Tek başına sarayda odasına çekilir ve günlerce bu ihtiyarın şahsında kendi geleceğini düşünür. İnsan aklı nisyan ile maluldür ya. Günler sonra ihtiyarın bu durumunu unutur, tekrar yardımcısıyla ikinci bir geziye çıkar. Ancak bu sefer de karşısına bir hasta çıkar. Halsiz, yara bere içinde, gözleri kanlı, güçsüz bir adam görür. O güne kadar hastalık nedir bilmeyen prens, bunun ne olduğunu öğrenmek için yardımcısına sorar. Yardımcısı: “ Bunun sağlıklı ve mutlu bir prens dahi olsa, kendisinin de başına gelebilecek bir hastalık olduğunu söyler.” Yine morali bozulan prens gezisini yarıda keserek saraya döner ve kendi kendine teselli aramaya başlar.
Nice sonra üçüncü kez gezisine kaldığı yerden devam eder. Bu gezisinde ilginç bir manzara ile karşılaşır. İnsanlar omuzları üzerinde bir şey taşıyordur, bunun ne olduğunu sorar. Yardımcı da onun bir cenaze olduğunu ve herkesin sonunun böyle olacağını söyler. Prens ölüye yaklaşıp örtüyü açar ve yüzüne bakar: “ Şimdi ne yapacaklar bu adama?” diye sorar. “ onu gömecekler “ der, yardımcısı. “ Neden?” “ Çünkü o ölüdür ve bir daha hiç canlanmayacak. Ondan kurtçuklardan ve pis kokulardan başka bir şey kalmayacak!” “ Bütün insanların kaderi bu mu? Yani beni de mi gömecekler ve benden geriye de mi pis kokulardan ve kurtçuklardan başka bir şey kalmayacak!” “ Evet” “ Geri döndürün beni. Bir daha da gezmek istemiyorum ve bunları da görmek istemiyorum.” diyerek saraya kapanır. Sarayın içinde giydiği süslü püslü, allı, morlu Hint kumaşından giysiler giyerek, kuş sütü hariç en leziz yemeklerle karnını doyurduğu, kuş tüyü döşeklerde, kuş tüyü yastıklara başını koyarak uyuduğu sarayda zaman gelir Sakaya – Muni de hastalanır, ilerleyen yaşı sonucu da dişi dökülen, ağzından salyalar akan ihtiyar olur, zamanı gelince o da ölür, omuzlar üzerinde toprağa gömülür, onun cesedi da kokar ve cesedinde de kurtçuklar oluşur.
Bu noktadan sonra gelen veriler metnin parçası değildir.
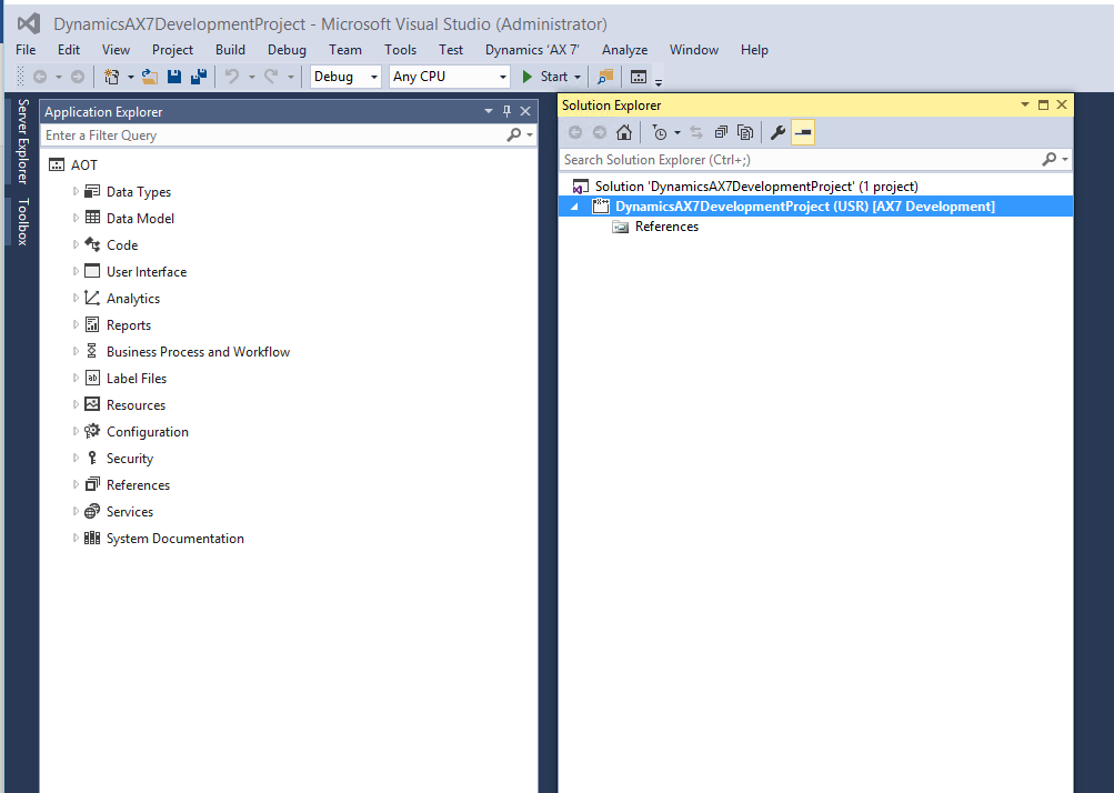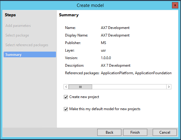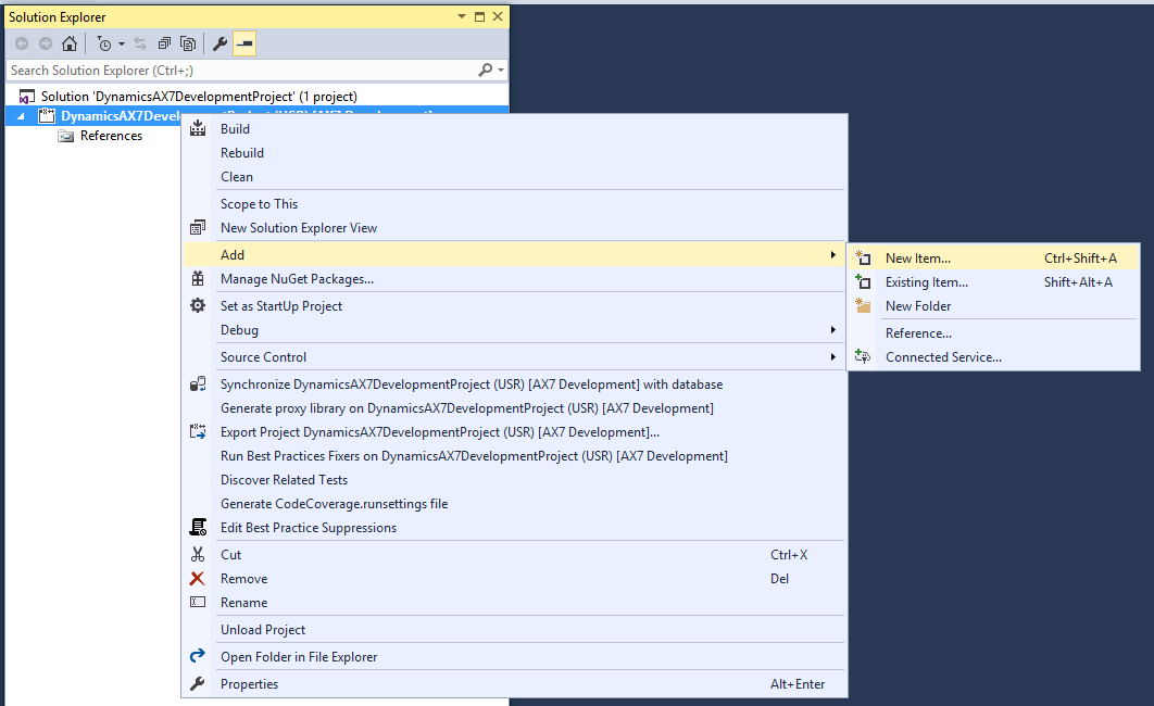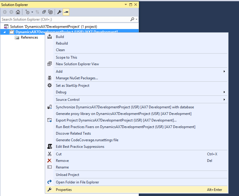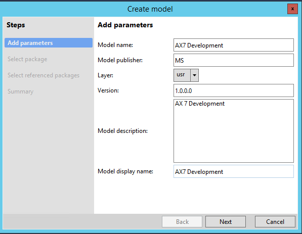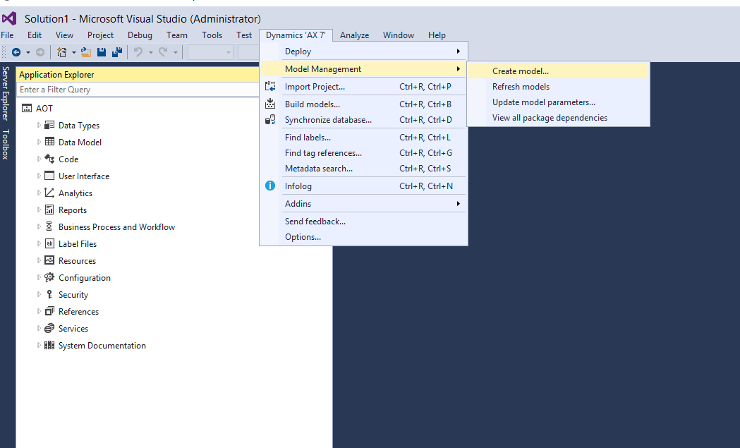 Once within Visual Studio, go to the AX7 menu and select Model Management and ‘Create model’. A model is not exactly the same as a layer, but it might be a useful analogy to think of it as being similar to a layer in the sense, it is a way to isolate and manage your customizations
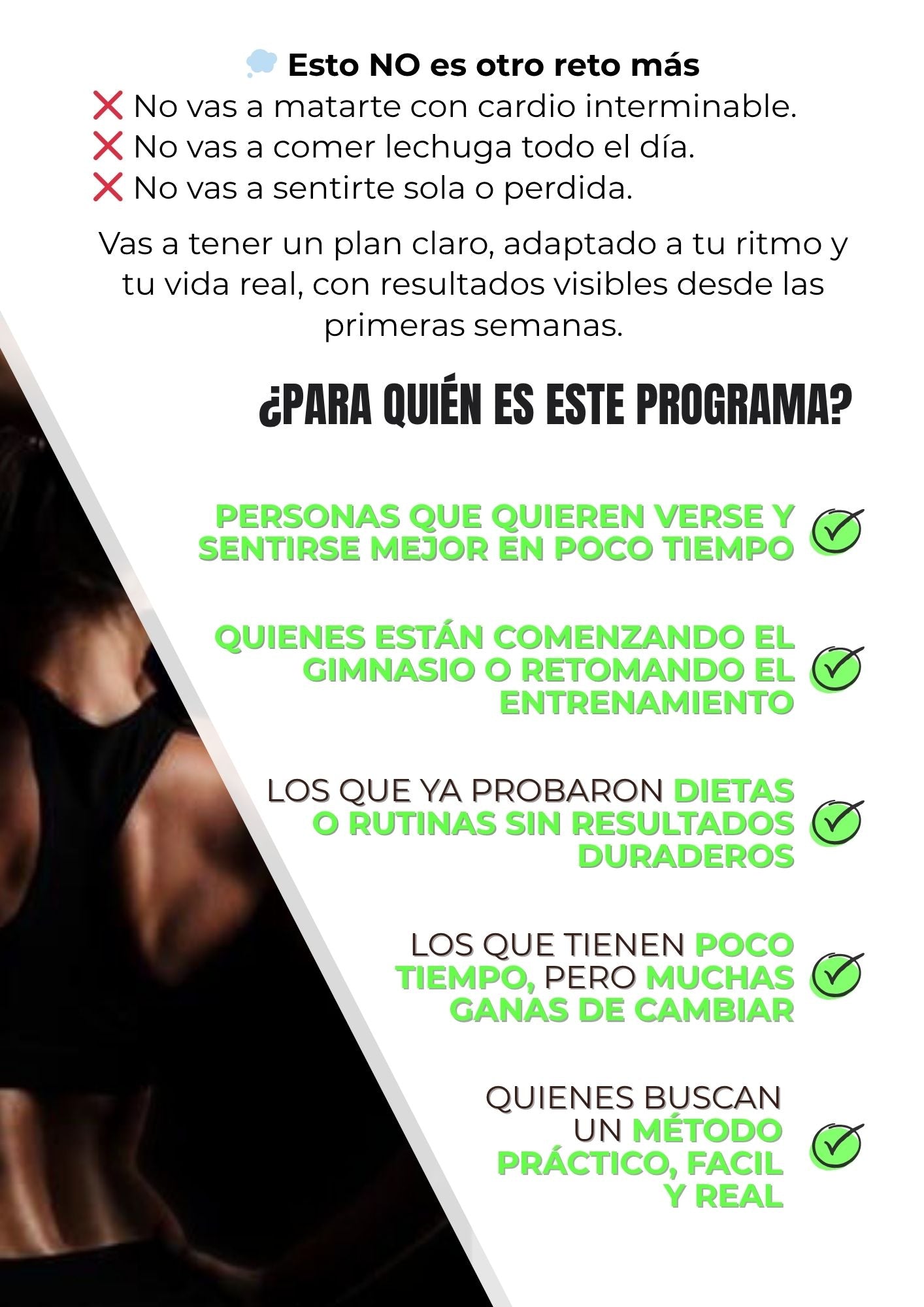 No. Está pensado para cualquier persona que quiera empezar con el cambio de sentirse mejor, comer más saludable y mantener una rutina sencilla de ejercicios y sin restricciones extremas.
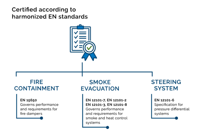 A Lindab Protect olyan komplett megoldást kínál, amely meghatározott ideig képes ellenállni a nagyon magas hőmérsékletnek anélkül, hogy elveszítené előnyeit. Megoldásunk minden egyes elemét a legszélsőségesebb környezetben teszteltük, és a tűzvédelemmel ellátott szellőztetőrendszerekre vonatkozó legszigorúbb szabványoknak megfelelően tanúsítottuk.
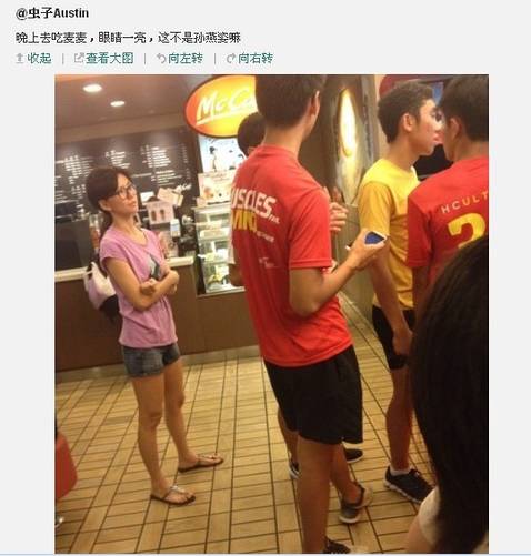有一次她素颜+短裤+拖鞋出现在麦当劳里~

Sonuç: Kundak beziyle gelinen bu dünyaya, kefen beziyle bugüne kadar gitmeyen yok. Hedefine doğru yol alan bir mermi gibi hayat da, ölüme doğru yol almaktadır.
Gazali de bu konuda şöyle diyor: “ Ömür akan su, esen rüzgar gibi akıp ve esip gitmektedir. Dünya aldatıcıdır. Sana sevgi gösterir, kendisini, sana aşık ettirir. Senin bu aşkını sezince, bu defa da seni onlardan ayırarak öldürmeye çalışır. Akıllı ve uyanık o kimsedir ki, nefsi ve dünyası için gam çekmez., emelleriyle orantılı kulluğa da önem verir ve ne için yaratıldığını bilir. Allah sevgisini bir an bile gönlünden uzaklaştırmaz. Bu tip insanlar sağlıkta ve sevinçte şımarmazlar. Hastalık, üzüntü ve sıkıntı anında. “ Allah var, keder yok” diye, aldırmazlar. Çünkü onların kalpleri fani dünyanın, yalancı ve sahte süsleriyle değil, Allah sevgisiyle MUTMAİNDİR.
İzmir’de katıldığım bir dost cenazesinde cenaze namazını kıldıran imam, cemaate dönerek yaptığı konuşma oldukça manidardı.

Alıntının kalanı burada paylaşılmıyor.